## What you have to do
Check every line of the records below for the string "with", then report only how many lines have it.

## Records from a dataset
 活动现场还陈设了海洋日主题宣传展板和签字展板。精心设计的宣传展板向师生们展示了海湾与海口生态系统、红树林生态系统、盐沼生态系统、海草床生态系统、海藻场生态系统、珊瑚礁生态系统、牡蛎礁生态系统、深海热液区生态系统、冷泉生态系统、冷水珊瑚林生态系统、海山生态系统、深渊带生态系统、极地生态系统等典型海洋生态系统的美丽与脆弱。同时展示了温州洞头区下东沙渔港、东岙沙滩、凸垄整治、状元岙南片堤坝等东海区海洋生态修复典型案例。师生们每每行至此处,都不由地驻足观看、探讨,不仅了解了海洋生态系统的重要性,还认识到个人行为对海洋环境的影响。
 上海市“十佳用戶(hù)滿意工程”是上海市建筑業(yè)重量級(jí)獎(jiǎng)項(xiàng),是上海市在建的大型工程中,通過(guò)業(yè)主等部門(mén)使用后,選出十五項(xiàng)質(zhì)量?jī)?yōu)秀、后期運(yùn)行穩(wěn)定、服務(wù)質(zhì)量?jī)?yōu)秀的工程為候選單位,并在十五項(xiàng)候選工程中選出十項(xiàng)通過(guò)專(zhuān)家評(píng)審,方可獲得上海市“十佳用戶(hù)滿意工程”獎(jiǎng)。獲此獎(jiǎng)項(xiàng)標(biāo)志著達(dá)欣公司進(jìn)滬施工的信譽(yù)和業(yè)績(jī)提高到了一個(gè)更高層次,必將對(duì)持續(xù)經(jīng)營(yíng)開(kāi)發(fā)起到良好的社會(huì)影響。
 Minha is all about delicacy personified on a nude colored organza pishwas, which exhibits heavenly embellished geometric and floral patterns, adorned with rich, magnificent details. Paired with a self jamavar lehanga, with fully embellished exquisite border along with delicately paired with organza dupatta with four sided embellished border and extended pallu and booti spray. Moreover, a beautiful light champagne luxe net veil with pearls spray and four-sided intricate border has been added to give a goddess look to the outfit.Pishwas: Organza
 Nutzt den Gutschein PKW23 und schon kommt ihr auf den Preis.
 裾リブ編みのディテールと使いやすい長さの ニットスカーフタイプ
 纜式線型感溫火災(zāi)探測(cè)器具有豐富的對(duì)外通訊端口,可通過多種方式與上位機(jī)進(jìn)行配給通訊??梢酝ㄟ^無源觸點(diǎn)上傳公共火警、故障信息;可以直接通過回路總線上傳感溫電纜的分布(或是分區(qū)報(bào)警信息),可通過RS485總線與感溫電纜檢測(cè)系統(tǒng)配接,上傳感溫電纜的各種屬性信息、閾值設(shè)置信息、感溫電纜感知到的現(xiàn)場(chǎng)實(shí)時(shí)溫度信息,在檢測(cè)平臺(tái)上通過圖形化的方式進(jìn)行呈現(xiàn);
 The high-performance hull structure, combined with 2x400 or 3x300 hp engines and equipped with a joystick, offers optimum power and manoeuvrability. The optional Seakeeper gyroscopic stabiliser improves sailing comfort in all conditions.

## Answer below
2